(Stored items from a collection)
□ □ □ □ □

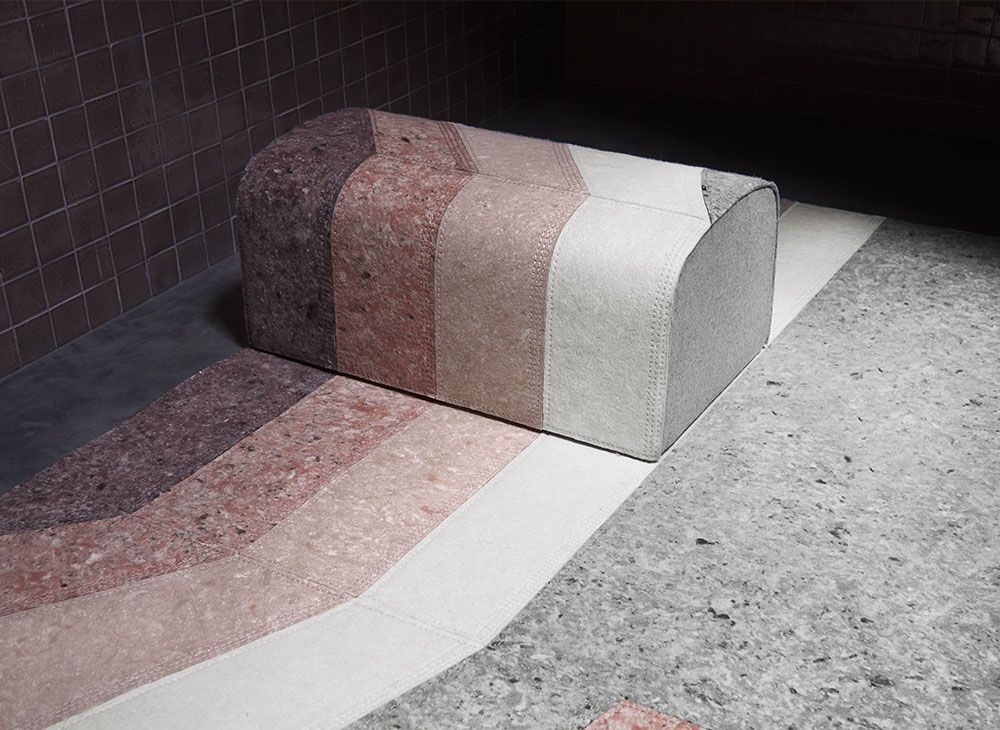 Покрытие из войлока (75% шерсть + 25% вискоза) и вышивка из вискозы. Основа - поролон на деревянной основе.
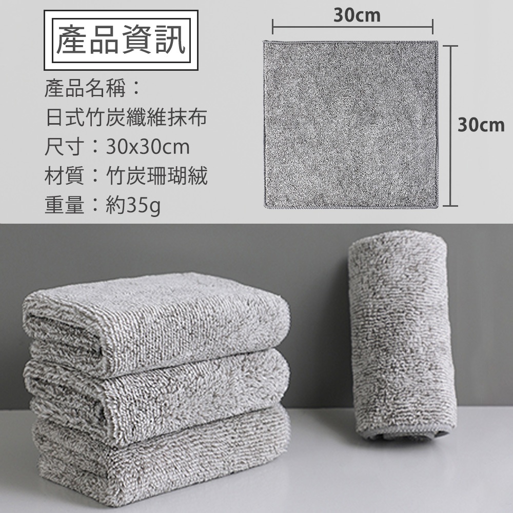 【廚房清潔必備】日式竹炭纖維抹布 30*30公分 超細纖維抹布 強力吸水 去污抹布【DA00064】加厚包邊30x30cmCleaning Cloths【隔日配】JHS專營日用品、汽車百貨、3C周邊
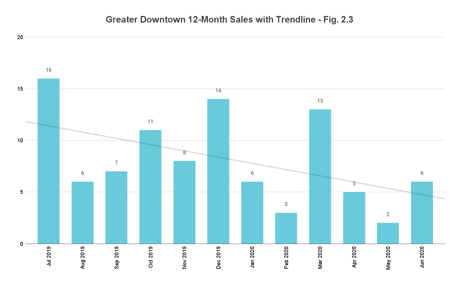 67.5% drop in year-over-year Sales with negative trendline. Absorbing the full impact of the global health crisis, this Greater Downtown grouping posts a 67.5% decrease in year-over-year Sales -- in-step with the overall Miami market (fig. 1). While a slowdown was expected due to the lockdown of March and April, a more than 50% drop in a second quarter, which is usually the strongest of the year, suggests that the GDM luxury condo market could take a while to recover. This is further substantiated by the 12-month trendline (fig. 2.3) staying negative between Q1 and Q2 this year.
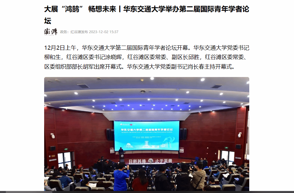 网址链接:大展“鸿鹄” 畅想未来丨WilliamHill中文官方网站举办第二届国际青年学者论坛 (thepaper.cn)
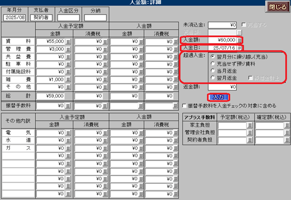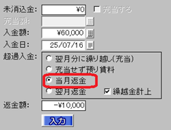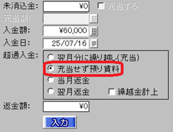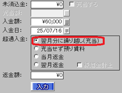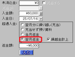 「入金額」と「入金日」(任意※)を入力後、「超過入金」を選択の上、[入力]ボタンを押すと入金処理が行われます
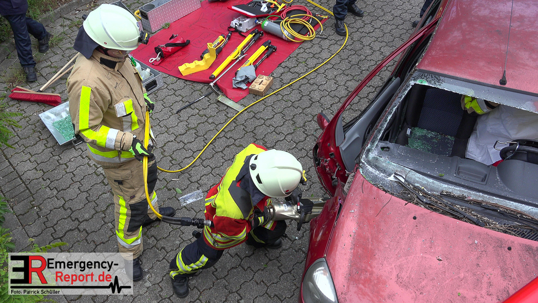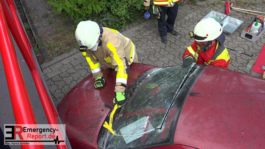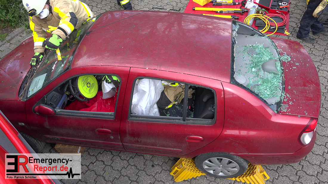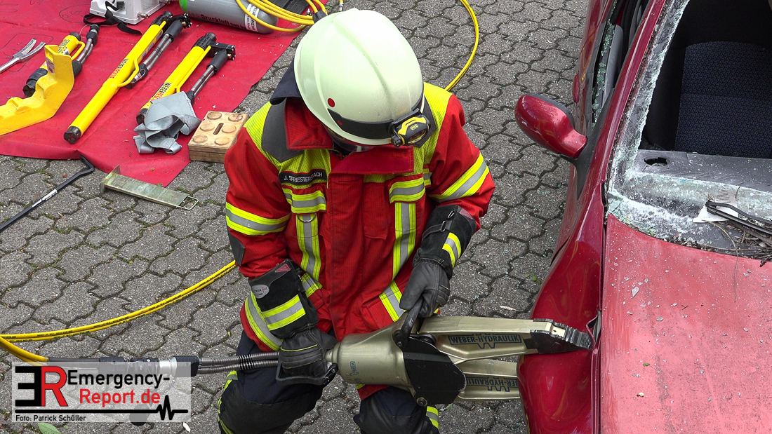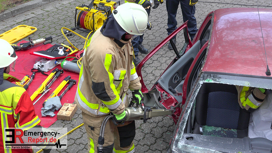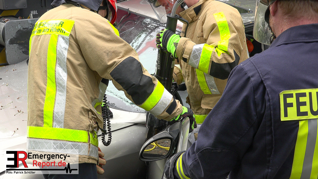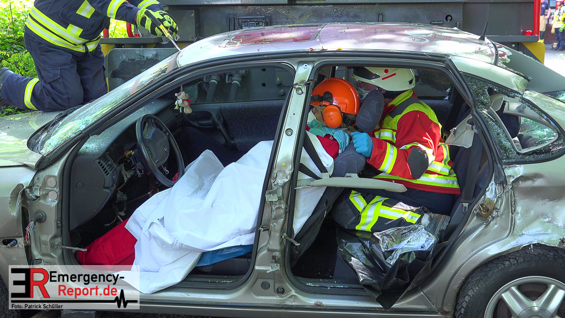 Bei Eintreffen der ersten Einsatzkräfte bestätigte sich die von den Anruferngeschilderte Lage. Nach einer umfangreichen Lageerkundung galt es die in beiden Autos eingeklemmten Fahrerinnen und den überrollten, lebensbedrohlich verletzten, Radfahrer mit hydraulischem Rettungsgerät zu befreien. Der schwer geschockte, aber unverletzte Bahnfahrer, wurde dauerhaft durch die Feuerwehrmänner betreut.
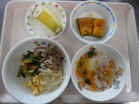 ビビンバ カボチャ煮 ワンタンスープ バナナ |
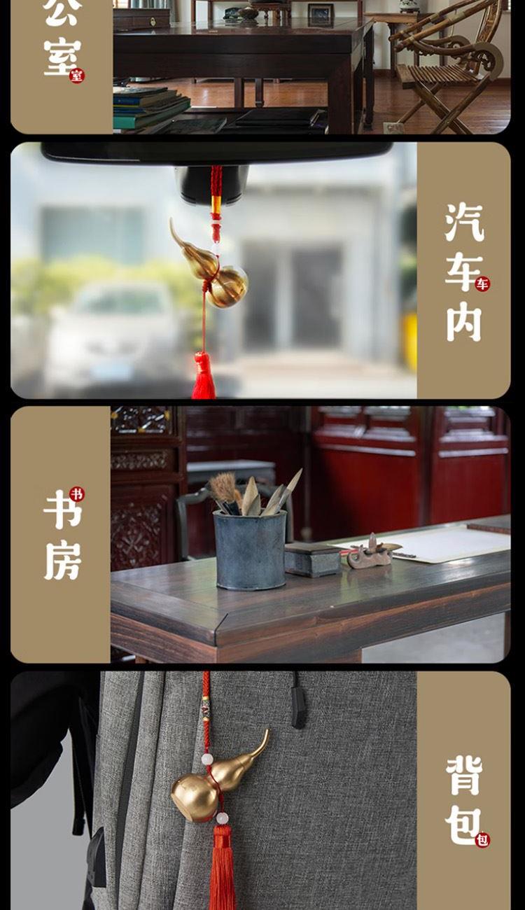 福禄双全: 既是“福”也是“禄”,寓意着既有福气享受生活,又有财禄支撑生活,事业财富双丰收。 平安顺遂: 挂在汽车内后视镜上或作为钥匙扣随身携带,寓意保佑出行一路平安,化解旅途险阻。 镇宅辟邪: 挂在门窗附近或家中不利的方位,寓意着化解室外煞气(如路冲、尖角),吸收家中的负能量,守护家宅安宁的愿景。
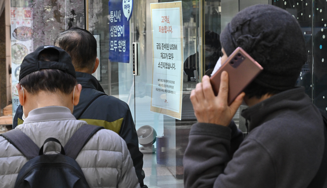 | 지난달 28일 서울 마포구 SK텔레콤 홍대역점에서 시민들이 유심칩을 교체 받기 위해 대기하고 있다. 임세준 기자 |
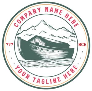 Vintage Retro Floating Wooden Noah Ark Ship Boat Vessel on the Ocean Sea Badge Emblem Label Design
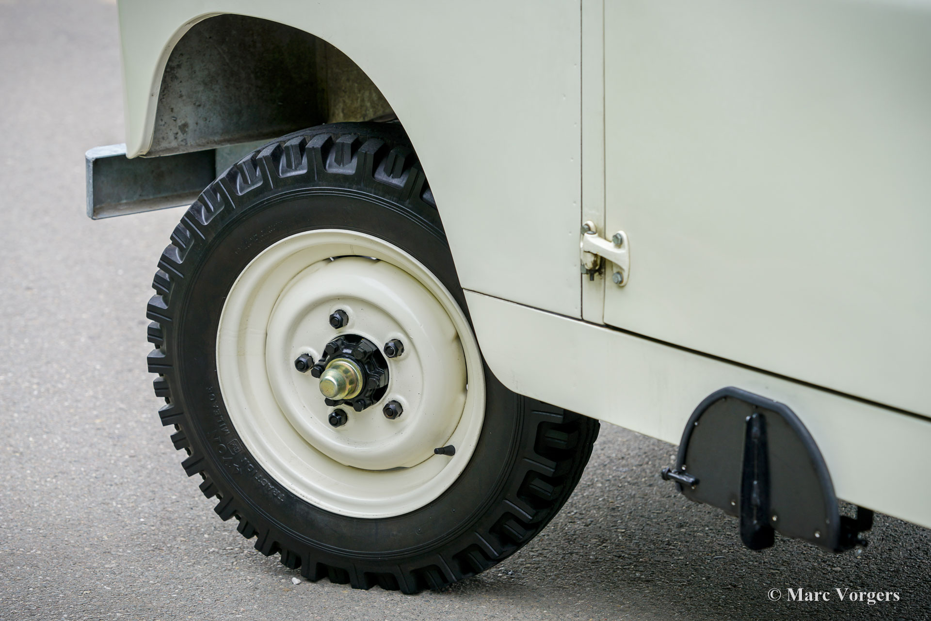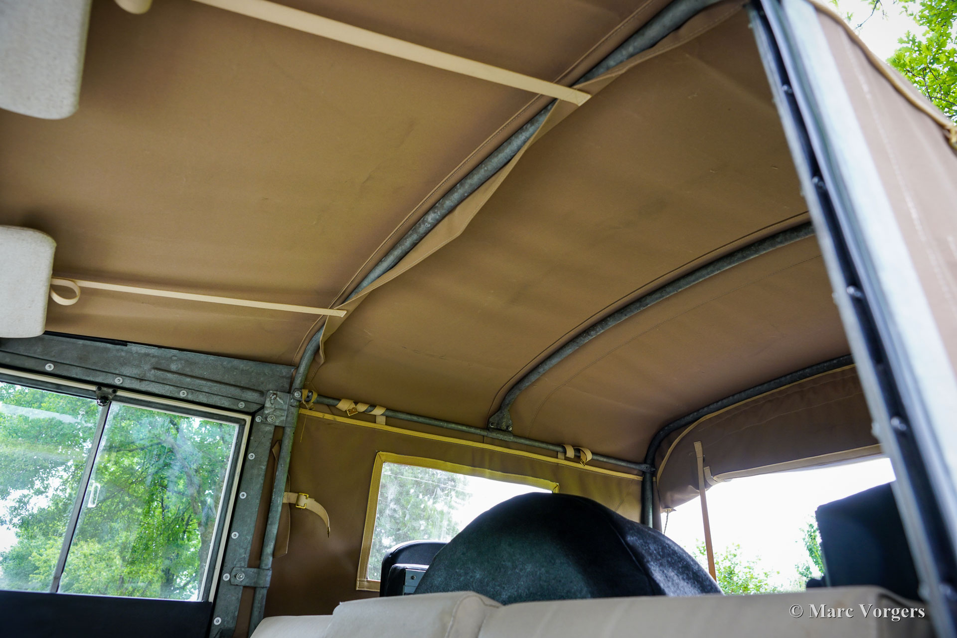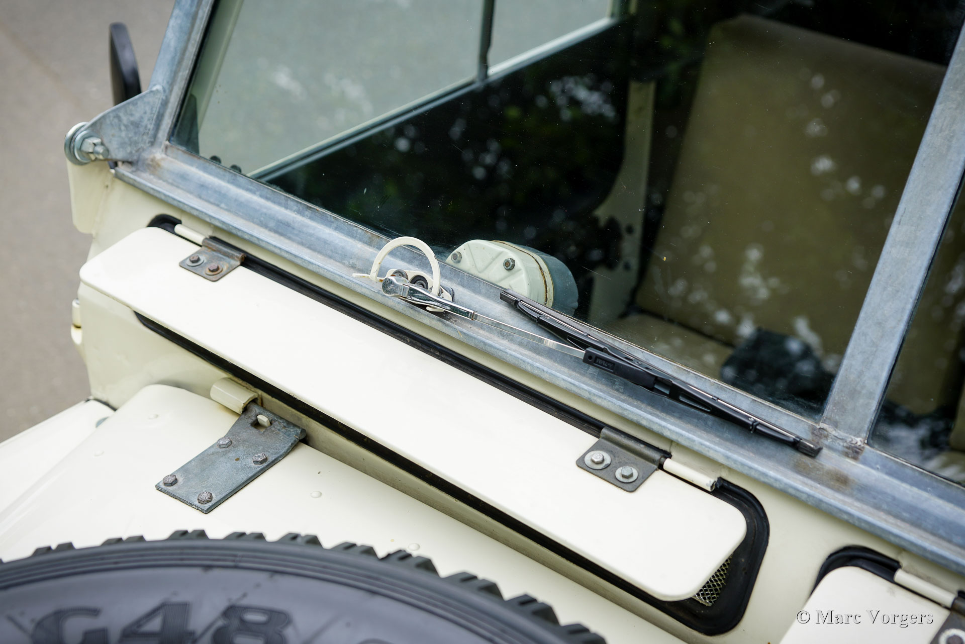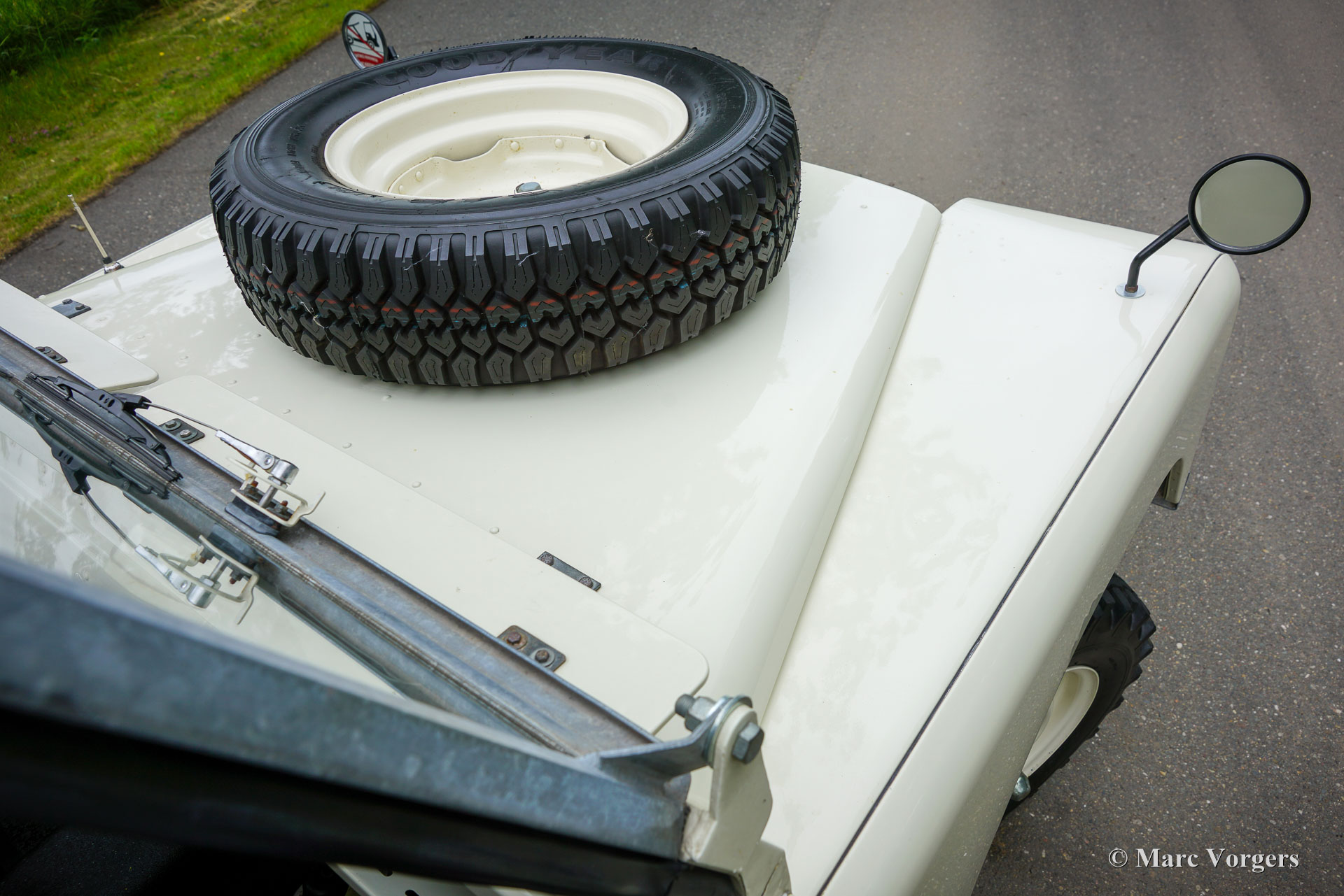 Land Rover 88 serie 2, jaar 1958. Kleur gebroken wit gecombineerd met lichtbeige bekleding voorin, zwart vinyl bekleding achterin, en zwart rubber vloerbedekking. Beige soft-top. Deze prachtige een zeer origineel ogende Land Rover 88 is nieuw verkocht in Nederland. De huidige eigenaar kocht de auto ruim 25 jaar geleden. Na aankoop is de auto uitvoerig gerestaureerd naar de huidige zeer goede en mooie staat. De originele 2 liter motor is vervangen voor een krachtigere 2,25 liter versie uit een serie 3, verder is de auto geheel volgens de serie 2 specificaties. Deze geweldige Land Rover 88 rijdt uitstekend, de krachtige viercilinder benzinemotor loopt soepel en de versnellingsbak met lange pook schakelt zoals het hoort. Het interieur is eenvoudig op het Spartaanse af maar dat hoort bij een functioneel werkpaard als de Land Rover. De terugvallende grille met daarop de twee koplampen is kenmerkend voor de vroege Land Rover modellen. Het reservewiel op de motorkap, de uitklapbare opstapjes bij de deuren en de opstap aan de achterkant geven ook aan dat het om een klassieke Land Rover gaat. Achterin is er bij deze Land Rover nog een reservewiel gemonteerd, deze kan er eenvoudig uitgehaald worden. Deze Land Rover ademt avontuur, het mooie is dat deze auto is voorzien van vier extra zitplaatsen achterin waardoor er met 7 personen volop kan worden genoten van de rit, de auto, en van het gezelschap. Dit is een geweldige Land Rover 88 in zeer goede conditie, een pracht auto voor avonturiers die zich niet altijd op gebaande paden willen begeven.
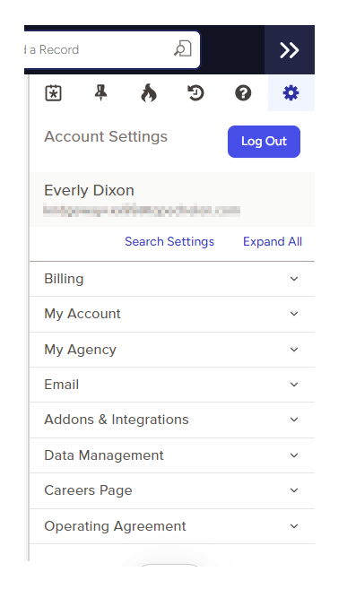 - Allows access to your Daily Agenda, Pinned Records, Hotlists, Recent Records, Help Center and Settings
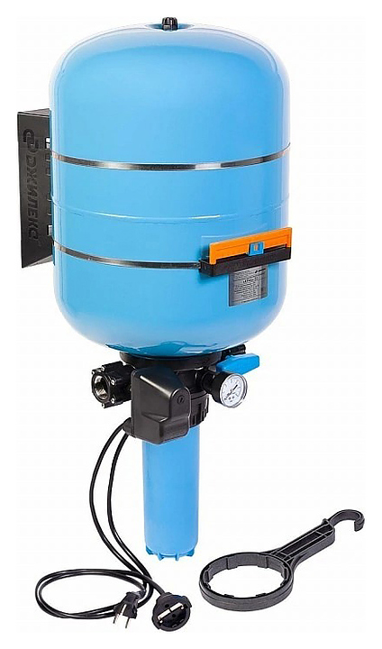 Комплект автоматизации на баке Джилекс КРАБ 50 предназначен для автоматического управления включением и выключением электронасосов, поддержания заданного давления в системах водоснабжения и предварительной фильтрации воды в частных домах. Модель оснащена гидроаккумулятором со сменной мембраной, манометром, воздушным клапаном, реле давления РДМ и сливной пробкой. Корпус выполнен из пластика. Изделие устойчиво к коррозии. В комплект поставки входят фильтрующий картридж, ключ для корпуса фильтра, кронштейн со стальным хомутом для крепления к вертикальной поверхности, площадка с датировкой и ползунком для фиксации месяца замены фильтрующего картриджа, заглушки 1/4” и 3/4” для реверса подачи воды, силовой кабель с вилкой и силовой кабель с розеткой для подачи электрического тока к насосу. Особенности:
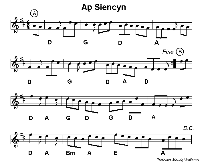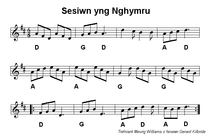 from Sain Records. This is followed by the jig Sesiwn yng Nghymru which fiddler Gerard Kilbride presented in a Clera workshop. Ap Siencyn is a well known Welsh jig which is presented here in the key of D. Bob Evans plays it slowly, like a waltz. |
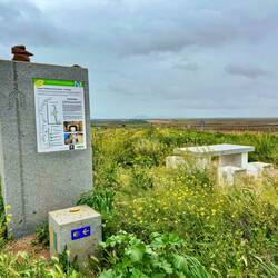 Wir folgten diesem leicht hügeligen und gut begehbaren Weg, wobei links uns die Olivenbäume weiter begleitet. Zu unser rechten Seite öffneten sich weite unbestellte Felder. Nach einer gewissen Zeit, sahen wir in der Ferne schon eine Haustuine - die ein wenig an eine kleine Burg erinnerte. Letztes Jahr hatte ich den „Turm“ auch schon bestiegen und ich wollte ihn unbedingt auch Olaf zeigen. So gingen wir dann über den unbestellten Acker zu der Ruine. An dem leeren Swimmingpool und dem unbedachten Gebäude vorbei zu einem kleinen Eingang - der hinter hohem Gestrüpp verborgen war. Die Rucksäcke ließen wir unten und ich bestieg zuerst die Steigleiter 3 Etagen nach oben. Dann kam Olaf nach und auf dem Turm stehend, hatten wir einen wunderbaren Rundumblick über die Gegend. Nachdem wir uns sattgesehen hatten, stiegen wir auf selbigen Weg wieder hinunter und gingen zurück zu unseren Olivenbäumen.

□ □ □ □ □

-- Exercise directions --
What are the lines in the records above, word for word, from the one containing "- Allows access" through the one containing "from Sain Records.", both ends included and pictures left out?

-- Problem solution --
 - Allows access to your Daily Agenda, Pinned Records, Hotlists, Recent Records, Help Center and Settings
 Комплект автоматизации на баке Джилекс КРАБ 50 предназначен для автоматического управления включением и выключением электронасосов, поддержания заданного давления в системах водоснабжения и предварительной фильтрации воды в частных домах. Модель оснащена гидроаккумулятором со сменной мембраной, манометром, воздушным клапаном, реле давления РДМ и сливной пробкой. Корпус выполнен из пластика. Изделие устойчиво к коррозии. В комплект поставки входят фильтрующий картридж, ключ для корпуса фильтра, кронштейн со стальным хомутом для крепления к вертикальной поверхности, площадка с датировкой и ползунком для фиксации месяца замены фильтрующего картриджа, заглушки 1/4” и 3/4” для реверса подачи воды, силовой кабель с вилкой и силовой кабель с розеткой для подачи электрического тока к насосу. Особенности:
 from Sain Records. This is followed by the jig Sesiwn yng Nghymru which fiddler Gerard Kilbride presented in a Clera workshop. Ap Siencyn is a well known Welsh jig which is presented here in the key of D. Bob Evans plays it slowly, like a waltz. |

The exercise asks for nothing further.